第1回のホルスタイン全国共進会は1951年に神奈川県平塚市で出品牛157頭の参加で行われたが、1995年の千葉市内での開催を経て、今回の開催は半世紀目を迎える。

 さて、共進会で注目されるのは牛の体型だが、長期にわたって多くの牛乳を生産するためには、しっかりした骨格や形のよい乳房、丈夫な肢蹄が必要だ。そして、審査の重点や出品区分はそれぞれの時代に求められる乳牛改良の水準により毎回見直される。
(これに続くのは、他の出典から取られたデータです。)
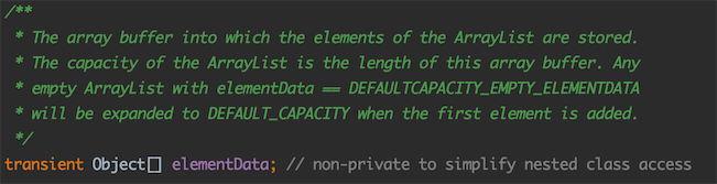 噢,就是一个缓存数组,长度为列表的容量,当第一个元素添加进来,会扩展至DEFAULT_CAPACITY: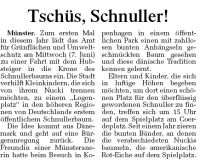 Münster. Zum ersten Mal in diesem Jahr lädt das Amt für Grünflächen und Umweltschutz am Mittwoch (7. Juni) zu einer Fahrt mit dem Hubsteiger in die Krone des Schnullerbaums ein. Die Stadt verhilft Kleinkindern, die sich von ihrem Nucki trennen möchten, zu einem „Logenplatz“ in den höheren Regionen von Deutschlands erstem öffentlichem Schnullerbaum.Die Idee kommt aus Dänemark und geht auf eine Bürgeranregung zurück. Die Freundin einer Münsteranerin hatte beim Besuch in Kopenhagen in einem öffentlichen Park einen mit zahllosen bunten Anhängseln geschmückten Baum gesehen und diese dänische Tradition kennen gelernt. Eltern und Kinder, die sich in luftige Höhen begeben möchten, um dort einen schönen Platz für den überflüssig gewordenen Schnuller zu finden, treffen sich um 15 Uhr auf dem Spielplatz am Coerdeplatz. Seit einem Jahr zieren die bunten Bänder, an denen die verabschiedeten Nuckis baumeln, die amerikanische Rot-Eiche auf dem Spielplatz.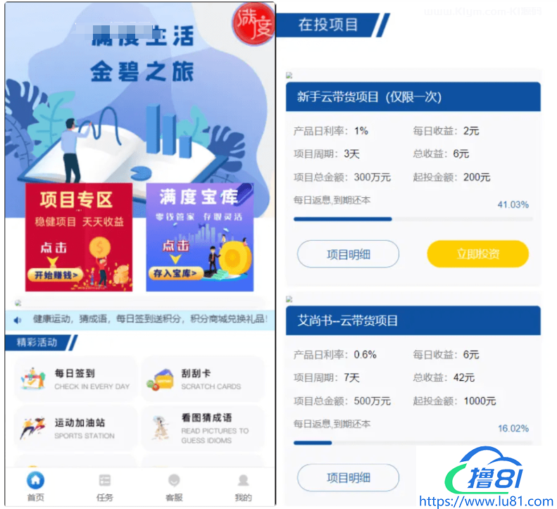满度投资理财:余额宝、合约收益、P2P理财、积分商城和小游戏应有尽有
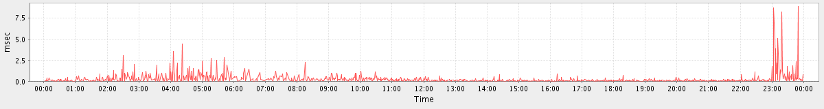 avg(ModifyContactRequest) = 21.50 avg(GetMsgRequest) = 45.21 avg(ConvActionRequest.!read) = 19.23 avg(MsgActionRequest.read) = 47.51 avg(ModifyTaskRequest) = 63.75 avg(FolderActionRequest.delete) = 25.75 avg(GetAvailableCsvFormatsRequest) = 0.06 avg(DismissCalendarItemAlarmRequest) = 26.54 avg(MsgActionRequest.move) = 51.55 avg(ModifyAppointmentRequest) = 85.19 avg(GetMiniCalRequest) = 1589.54 avg(ConvActionRequest.read) = 50.41 avg(FolderActionRequest.color) = 111.17 avg(ConvActionRequest.!flag) = 34.94 avg(FolderActionRequest.!check) = 20.67 avg(CheckLicenseRequest) = 1.24 avg(SearchConvRequest) = 63.62 avg(FolderActionRequest.read) = 16.00 avg(ModifyIdentityRequest) = 8.33 avg(CreateFolderRequest) = 20.74 avg(GetAvailableSkinsRequest) = 0.11 avg(FolderActionRequest.trash) = 39.64 avg(SendInviteReplyRequest) = 191.75 avg(SetAppointmentRequest) = 88.47 avg(GetFolderRequest) = 5.04 avg(SearchRequest) = 181.98 avg(ContactActionRequest.delete) = 75.00 avg(SendMsgRequest) = 356.74 avg(GetContactsRequest) = 34.61 avg(AutoCompleteGalRequest) = 667.59 avg(ItemActionRequest.delete) = 37.00 avg(ConvActionRequest.tag) = 40.22 avg(CreateSearchFolderRequest) = 23.50 avg(GetAvailableLocalesRequest) = 4.85 avg(SaveRulesRequest) = 12.93 avg(ImportAppointmentsRequest) = 4633.00 avg(CreateSignatureRequest) = 7.00 avg(GetAccountInfoRequest) = 0.30 avg(MsgActionRequest.delete) = 73.89 avg(ConvActionRequest.!tag) = 25.00 avg(CreateTaskRequest) = 48.25 avg(ConvActionRequest.delete) = 128.50 avg(NoOpRequest) = 0.00 avg(SearchGalRequest) = 3424.82 avg(SyncRequest) = 0.42 avg(BackupQueryRequest) = 809.50 avg(ConvActionRequest.move) = 36.21 avg(ModifyPrefsRequest) = 10.85 avg(ItemActionRequest.tag) = 11.33 avg(MaintainTablesRequest) = 370303.00 avg(GetInfoRequest) = 15.40 avg(MsgActionRequest.trash) = 23.54 avg(ConvActionRequest.trash) = 39.79 avg(MsgActionRequest.!read) = 18.10 avg(GetFreeBusyRequest) = 1203.79 avg(MsgActionRequest.!flag) = 13.00 avg(CreateWaitSetRequest) = 0.00 avg(GetRulesRequest) = 0.33 avg(EndSessionRequest) = 6.04 avg(FolderActionRequest.move) = 19.43 avg(FolderActionRequest.empty) = 1515.39 avg(BrowseRequest) = 1.00 avg(CancelTaskRequest) = 272.00 avg(CreateTagRequest) = 26.75 avg(DelegateAuthRequest) = 0.28 avg(SyncGalRequest) = 121776.67 avg(AuthRequest) = 1.46 avg(MsgActionRequest.update) = 38.84 avg(CreateAppointmentExceptionRequest) = 179.00 avg(ConvActionRequest.spam) = 25.29 avg(GetTaskRequest) = 1.00 avg(GetAppointmentRequest) = 13.33 avg(BackupRequest) = 1982.00 avg(WaitSetRequest) = 4.52 avg(SaveDraftRequest) = 172.65 avg(ContactActionRequest.move) = 31.00 avg(ConvActionRequest.flag) = 29.91 avg(GetPermissionRequest) = 0.00 avg(CreateAppointmentRequest) = 59.38 avg(CheckSpellingRequest) = 66.21 avg(CancelAppointmentRequest) = 106.00 avg(SearchCalendarResourcesRequest) = 9.32 avg(MsgActionRequest.flag) = 15.05 avg(FolderActionRequest.check) = 14.00 avg(CreateContactRequest) = 43.50 avg(GetQuotaUsageRequest) = 1327.50 avg(FolderActionRequest.rename) = 14.00 avg(AddMsgRequest) = 58.50 avg(MsgActionRequest.spam) = 34.59 avg(GetDomainInfoRequest) = 1.59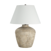 The Heritage table lamp combines classic charm with effortless warmth. Its ceramic base, finished in a softly distressed brown and beige glaze, offers a naturally classic look. Dark antique bronze accents add subtle sophistication, while the ivory linen shade casts a gentle, inviting glow that’s perfect for enhancing living rooms, bedrooms, or any space in need of timeless elegance. Product Details: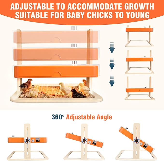 - ALL-STAGE ADAPTABLE CHICKEN COOP HEATER FOR WINTER - From newborn chicks to fully-grown hens, this chicken heat plate adapts to every stage. Lay it flat for chicks and adjust the height and angle as they grow, ensuring warmth at every development phase. Save money and space with one device that meets every need!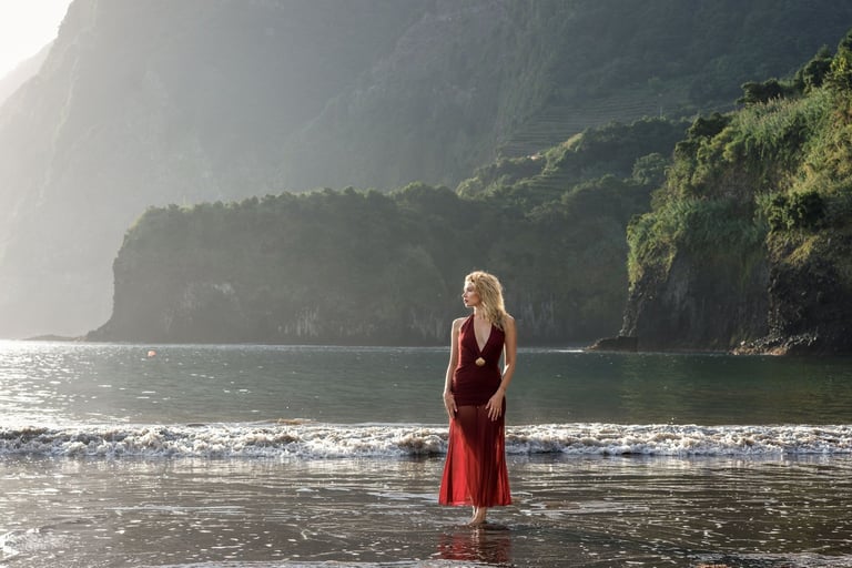 Experience dramatic sunsets and volcanic cliffs at Seixal Beach is perfect for family and lifestyle photoshoots in Madeira.
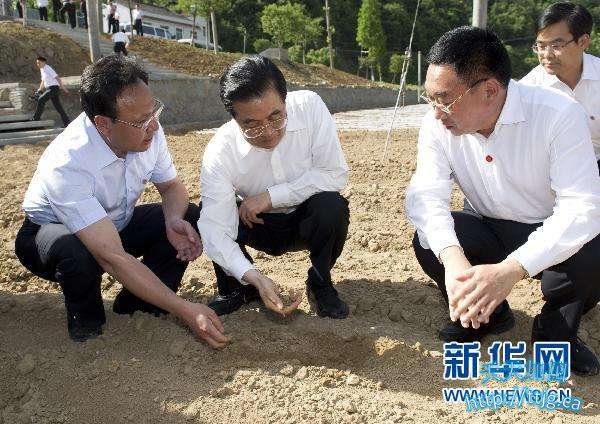 从鄂西北山城十堰到省会江城武汉,胡锦涛深入基层调查研究。他走进一片旱情严重的农田,翻开田里的土壤查看墒情,并向村民了解旱情。得知村里现在正把插不上秧的水田改成旱地,抢种玉米、花生、大豆等抗旱作物。总书记拿起锄头和村民一起补种玉米。
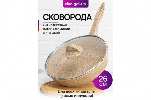 Глубокая сковорода Elan Gallery "Медовый гранит" из серии "Гармония вкуса" диаметром 18 см с крышкой равномерно разогревается и распределяет тепло таким образом, что продукты в ней сохраняют свои полезные свойства, сочность и вкус. Диаметр дна сковороды — 14,5 см. Стильный дизайн, имитирующий гранит, подойдет к любому интерьеру вашей кухни. Сковорода с глубоким дном выполнена из толстостенного литого алюминия и имеет ультрапрочное двухслойное антипригарное покрытие Cookmark. Оно устойчиво к царапинам и износу, полностью безопасно для здоровья и не содержит PFOA или других вредных веществ. Сковороду можно использовать для жарки с минимальным количеством масла для приготовления здоровой пищи, что оценит любой гурман. Готовьте дома любимые стейки, они сохранят свою сочность, нежность и аромат! Сковорода подходит для приготовления блюд из рыбы, мяса, овощей, а также плова. Сковородка станет идеальным помощником для создания завтрака, например: яичницы, омлета, блинов, оладий. Имеет удобную ручку, что обеспечивает надежный захват при подаче еды с плиты на стол. Стеклянная крышка позволит сохранить тепло блюда, защитит от брызг, а также поможет следить за процессом приготовления пищи. Эксплуатация: не нагревать без продуктов. Дайте посуде остыть, прежде чем помещать ее в воду. Использовать только деревянные, силиконовые и пластиковые лопатки без острых краёв. Не мыть абразивными или щелочными моющими средствами. Использовать в посудомоечной машине только в режиме "Эко" с использованием средств, не содержащих щелочи. Подходит для всех типов плит, кроме индукционных. Сковорода станет идеальным подарком для женщин и придаст процессу приготовления пищи новый уровень комфорта. Подарите такую универсальную вещь маме, подруге, сестре или тёте. Хорошая сковорода – мечта любой хозяйки! /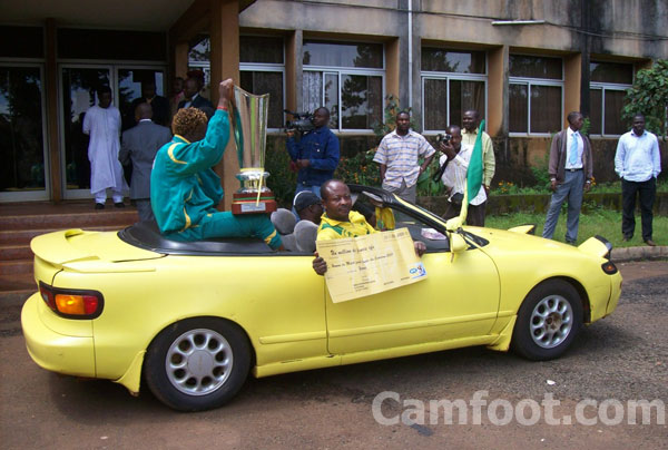 C’est à bord d’une décapotable jaune que le trophée de la coupe du Cameroun a traversé l’axe principal de la ville de Bafoussam avant de se retrouver chez le gouverneur, Pascal Mani, qui attendait en compagnie de ses proches collaborateurs. Le capitaine Tchoumté, par ailleurs gardien de but de Nzuimanto, qui portait le trophée, et Mefiré Woukoué, le meilleur joueur de cette finale y avaient pris place.
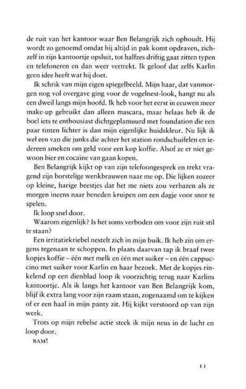 Als je me de rode draad van het verhaal vraagt dan is dat voor mij niet de liefde, de vriendschap maar wel het constante zichzelf neerhalen. Je zou van minder depressief worden. Gelukkig komt er tegen de helft van het boek wat andere verhaallijnen bij, en als je dan wat door het negativisme overleest is het best nog wel een leuk boek, met enkele onverwachte wendingen en enkele grappige wendingen.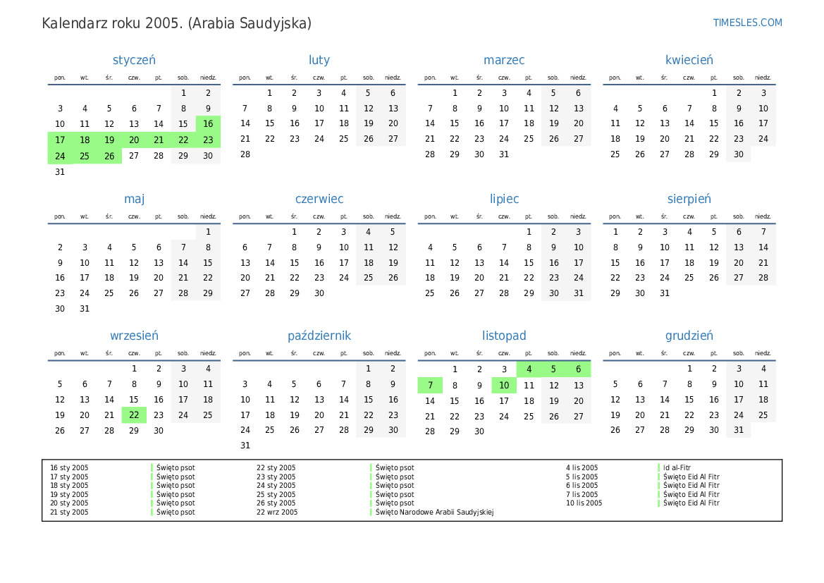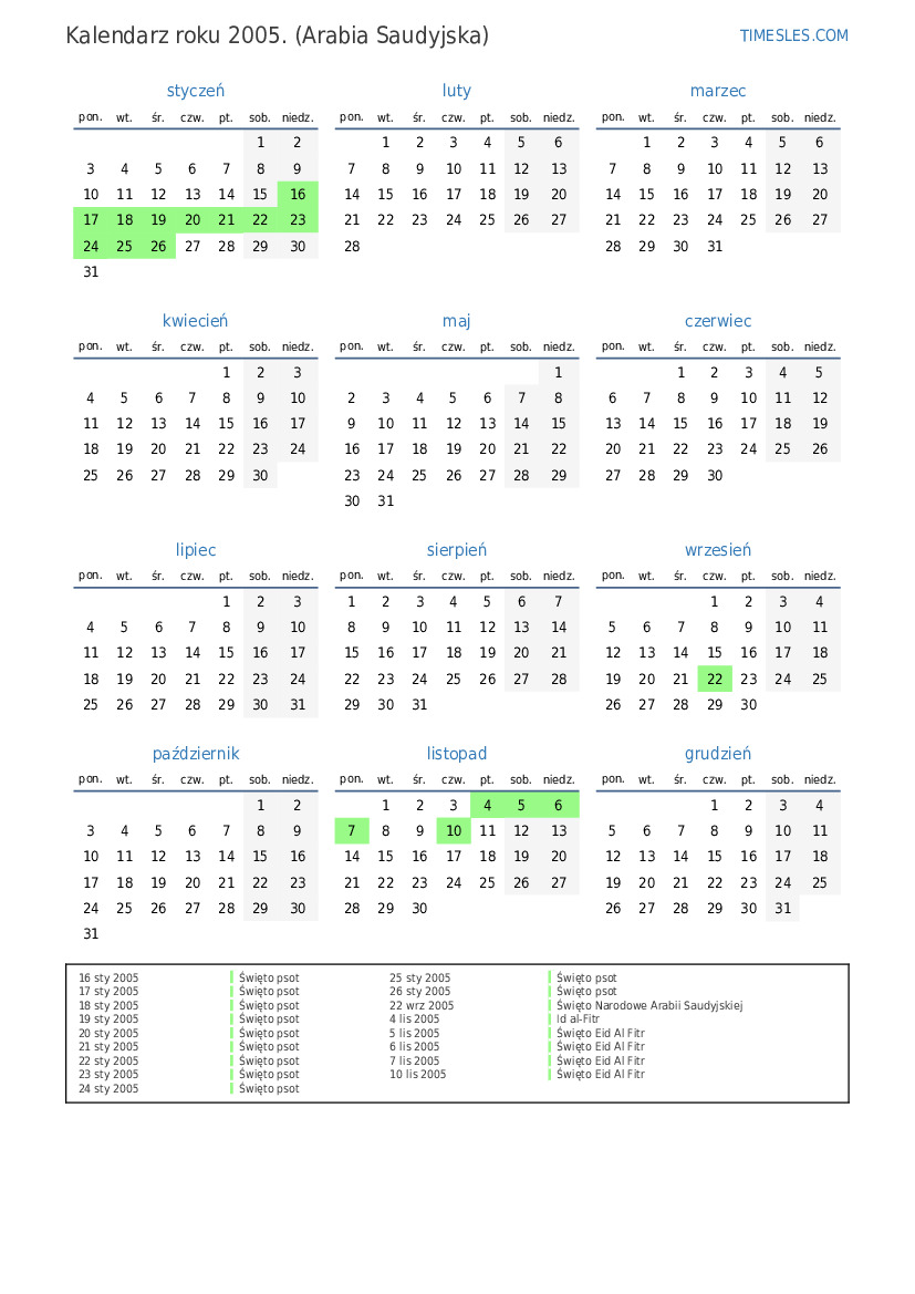 9 lis 2005 Święto Id al-Fitr (tylko sektor publiczny)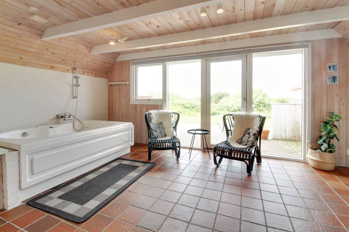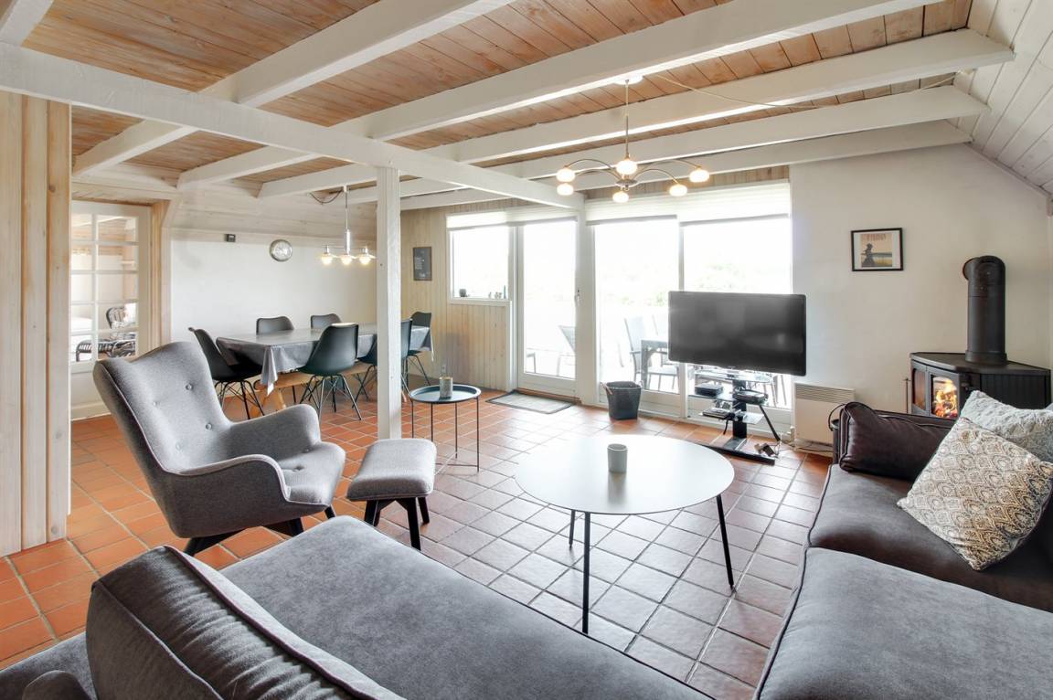 Ein absolut schönes und geräumiges Haus mit 1. Stock, wovon es Ausgang zum Balkon gibt. Hiervon haben Sie Meeresblick und eine schöne Aussicht zu einem See. Gemütliche Einrichtung mit allen Bequemlichkeiten. Herrliches Zimmer mit Sauna, Dusche und Eingang zu einer Toilette mit Waschbecken und einem Schlafzimmer. Extra Badezimmer mit Waschmaschine und Wäschtrockner. Im 1.Stock ist ein Aufenthaltsraum und ein Schlafzimmer mit 2 Betten. Sehr gute Terrassenverhältnisse nach Osten und Westen, eine hiervom ganz geschlossen. Überall Klinken mit Bodenwärme. Prachtvolle, ruhige Lage am Naturschutzgebiet. Ein gepflegtes und empfehlenswertes Haus, sogar mit gratis WI-FI.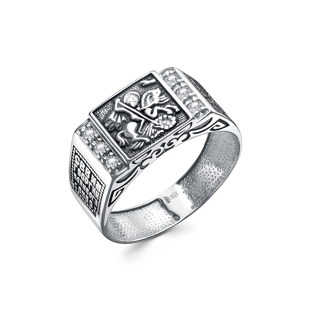60-0758 Кольцо (Георгий Победоносец) из серебра ч/ч литьё с фианитом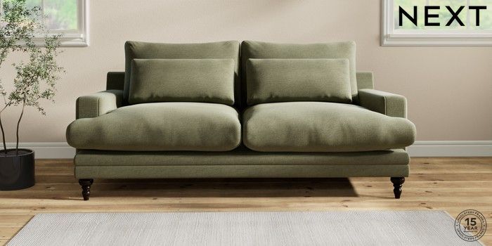 6.12.1 Buy Hutton Deep Relaxed Sit 3 Seater Sofa Ripple Chenille Mid Moss Green Country Turned - Dark from the Next UK online shop Click here to use our accessible website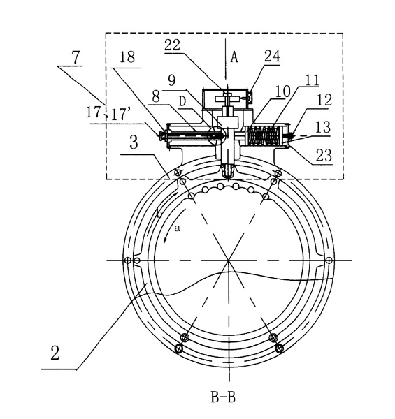 一種擺線針輪減速機(jī),包括針齒殼,前機(jī)殼,輸出軸,輸入軸,后機(jī)殼。其特征在于:減速機(jī)的針齒殼安裝在后機(jī)殼內(nèi),前后機(jī)殼固定連接,針齒殼可以以輸入軸為中心在后機(jī)殼內(nèi)轉(zhuǎn)動(dòng);在減速機(jī)本體上設(shè)置一個(gè)機(jī)械扭矩保護(hù)裝置。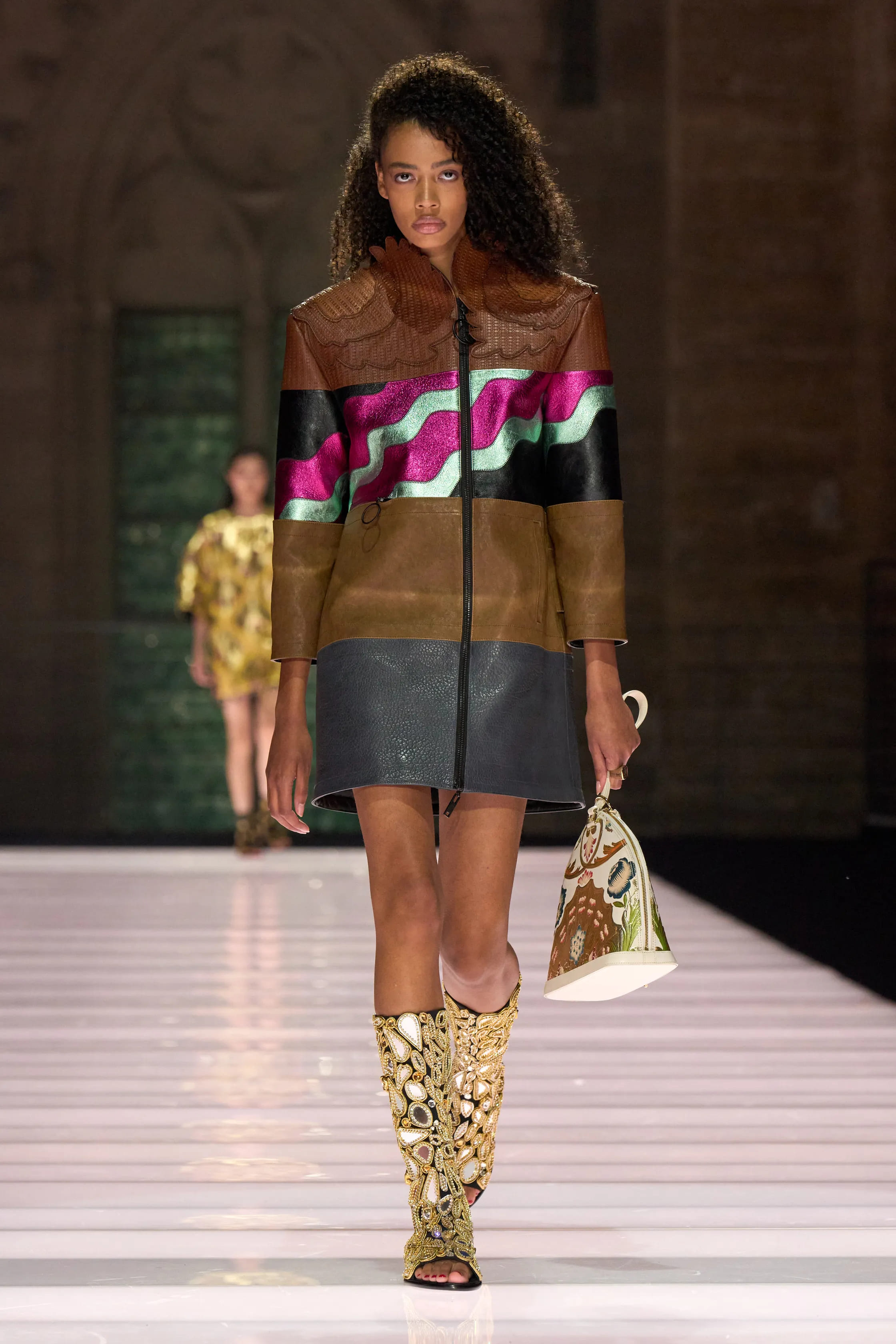 Для показу жіночої колекції Cruise 2026 Louis Vuitton на чолі з дизайнером Ніколя Жеск'єрєм вирушили в Папський палац в Авіньйоні, пам’ятку французької архітектури та об’єкт Всесвітньої спадщини ЮНЕСКО. Провідними наративами в дизайні виступили середньовічна розкіш і декадентський глем-рок, що втілювалися у скульптурних силуетах, авангардних формах, декоративних обладунках, блискітках, хутрі, кейпах, м’якій шкірі й принтах, натхненних гобеленами.

 ちなみに今回は、出品区分の月齢が一層細分化され12区分となった。第1回当時は4区分、前回の千葉は9区分だった。12区分の内訳は未経産牛が24ヵ月齢未満までの5部、経産牛の区分は、3歳未満と4歳未満をそれぞれジュニアとシニアの2区分に分けたのが大きな変更点で、6歳以上までの3区分をあわせた7部からなり、これまで指摘された出品牛の産次の違いなどの問題が解消された。  審査基準は、@外貌(15点)、A肢蹄(15点)、B乳用牛の特質(20点)、C体積(10点)、D乳器(40点)の5区分、合計100点の標点で審査される。

 出品頭数は、都道府県の飼養頭数や登録実績により割当てられるが、今回の出品牛の多い都道府県は、北海道の42頭、地元岡山県の30頭、岩手県(21頭)、千葉県(15頭)、熊本県(14頭)の順となっている。そして優劣を決める厳しい比較審査が3日間にわたって行われた。

 ホルスタインの褒賞は12部門で、優等賞59点、1等賞95点、残りは2等賞と選別され、最終日に未経産、4歳未満経産、4歳以上経産の3部門の優等賞1席牛の中からそれぞれ名誉賞、準名誉賞が選ばれ、その中の1頭に高円宮杯(最高位賞)が贈られる。そして、最終日の名誉賞審査の結果、地元岡山県津山市の永礼淳一さん(27歳)出品の、経産4歳以上第10部出品牛「オラホームブレンダ デユリーガル スター ET」がみごと最高位賞に輝いた。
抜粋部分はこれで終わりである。